In a new study published in the Journal of Cell Science, researchers at the Indian Institute of Science (IISC), Bengaluru have zeroed in on a gene that codes for a protein called FEM1B. They show how FEM1B mRNA readthrough plays a key role in the cell cycle, with implications for cancer cell proliferation and tumour growth.

The FEM1B protein is part of a complex that marks other proteins for degradation. Its job is to make sure that the right proteins are marked. The complex targets key proteins involved in many cellular processes – one of them being the cell cycle, to keep a check on how much cells proliferate.

In the study, the researchers found that stop codon readthrough causes the translation machinery to make a longer and more unstable version of FEM1B. Ironically, this marks FEM1B itself for degradation, leading to reduced levels of the protein. The team found that a specific nucleotide sequence at the tail end of the FEM1B gene directs this readthrough.

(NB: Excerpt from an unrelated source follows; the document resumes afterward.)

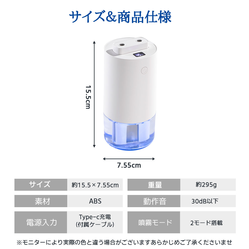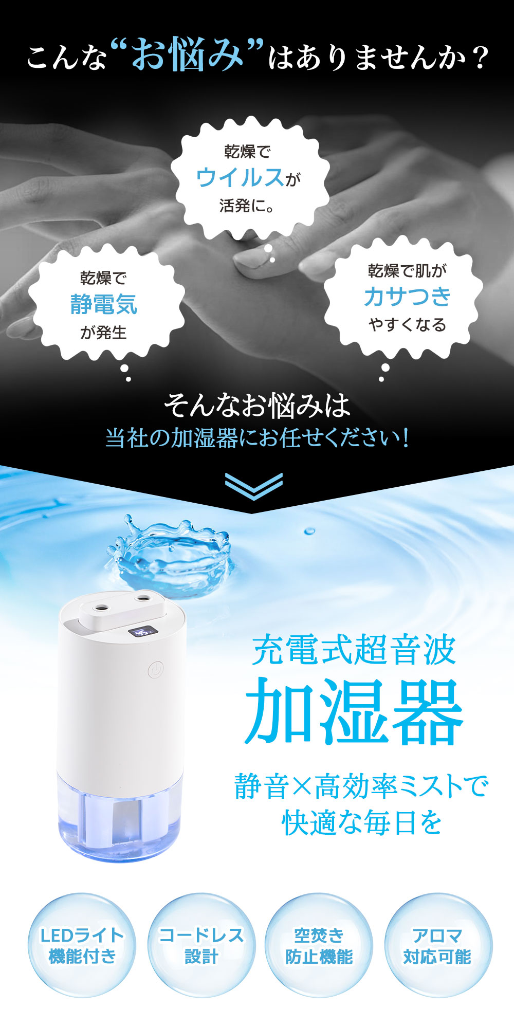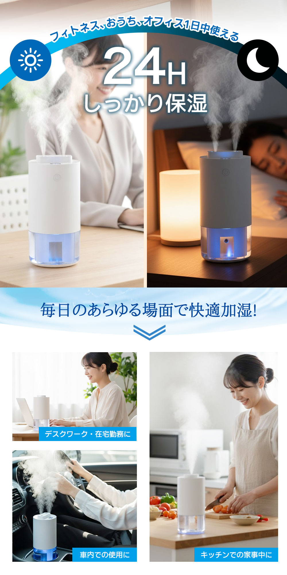 大容量2000mAhバッテリー内蔵で、コードレスでどこでも加湿可能。USB電源(モバイルバッテリー・PC・車内電源など)から手軽に充電でき、旅行やオフィスでも大活躍。
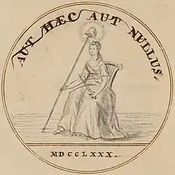 Barton then came up with another design, which the committee submitted back to Congress on May 9, 1782, just five days after being formed. This time, the figures on each side of the shield were the "Genius of the American Confederated Republic" represented by a maiden, and on the other side an American warrior. At the top is an eagle and on the pillar in the shield is a "Phoenix in Flames". The mottos were In Vindiciam Libertatis (In Defense of Liberty) and Virtus sola invicta (Only virtue unconquered).[54]

The researchers further deployed the CRISPR-Cas9 system, commonly used “molecular scissors”, to snip off the sequence driving the readthrough from the FEM1B gene. Preventing readthrough led to increased levels of the FEM1B protein, and therefore increased degradation of target proteins, and a delayed cell cycle. This caused the cancer cells to proliferate less.

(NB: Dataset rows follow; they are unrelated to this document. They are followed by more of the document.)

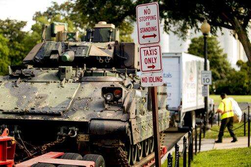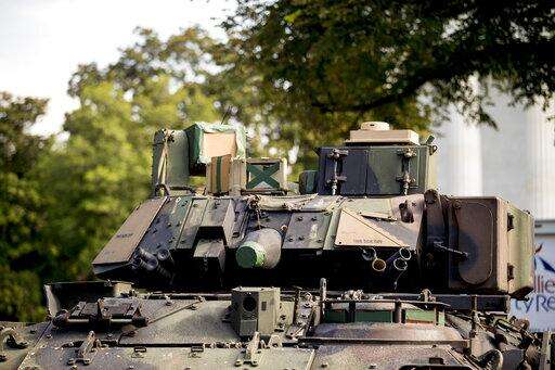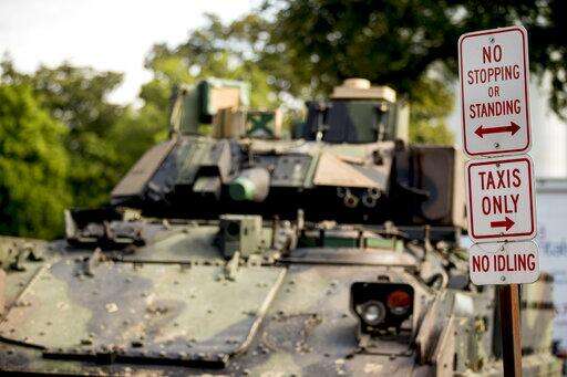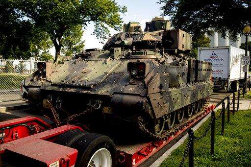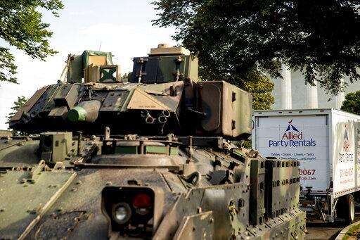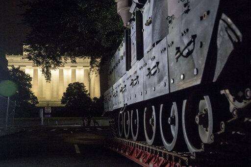 One of two Bradley Fighting Vehicles is parked nearby the Lincoln Memorial for President Donald Trump's 'Salute to America' event honoring service branches on Independence Day, Wednesday, July 3, 2019, in Washington. President Donald Trump is promising military tanks along with "Incredible Flyovers & biggest ever Fireworks!" for the Fourth of July. (AP Photo/Andrew Harnik)
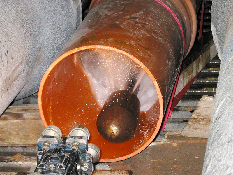 To simulate long-term stresses, the cleaning nozzle is pulled through the respective pipe for a total of 50 times at a constant flushing pressure of 150 bar (measured at the high-pressure pump) and a velocity of about 4 m/min. Afterwards, the inlet of the service pipe is visually inspected and quantitatively checked through leak-tightness testing.
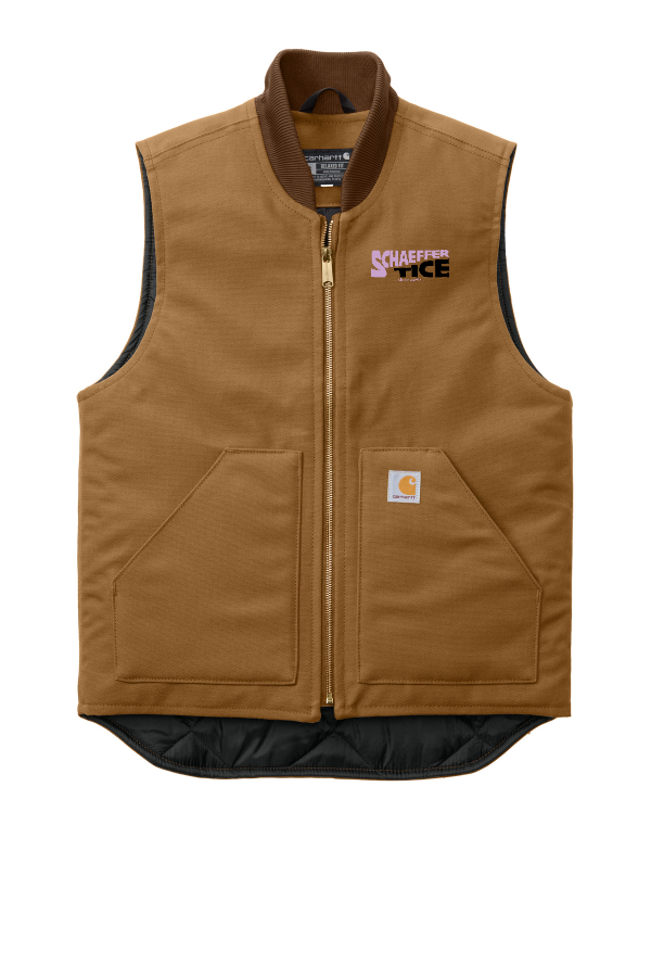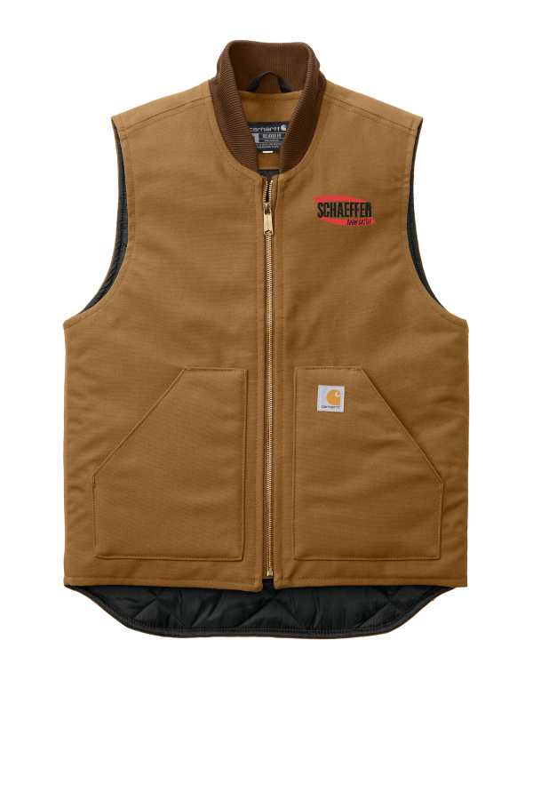 Duck Vest Carhartt Duck Vest. A great extra layer Carhartt s Duck Vest is made of cotton duck and insulated for warmth. 12-ounce firm hand 100% ring spun cotton duck canvas Wind Fighter technology tames wind Nylon lining quilted to arctic-weight 100% polyester insulation Rib knit collar Brass center-front zipper with interior storm flap Interior pocket with hook and loop closure Two large insulated lower-front pockets Locker loop Drop tail hem Carhartt-strong triple-stitched main seams Carhartt label sewn on left pocketRelaxed fit Product Spec Sheet

Researchers are now keen on nailing down the molecular machinery involved, which will help make any therapeutic approach more specific. “If we know the mechanism, we can target and regulate the readthrough process, which in turn might help in controlling the tumour progression”, said Sandeep Eswarappa, Associate Professor at the Department of Biochemistry, Indian Institute of Science (IISc).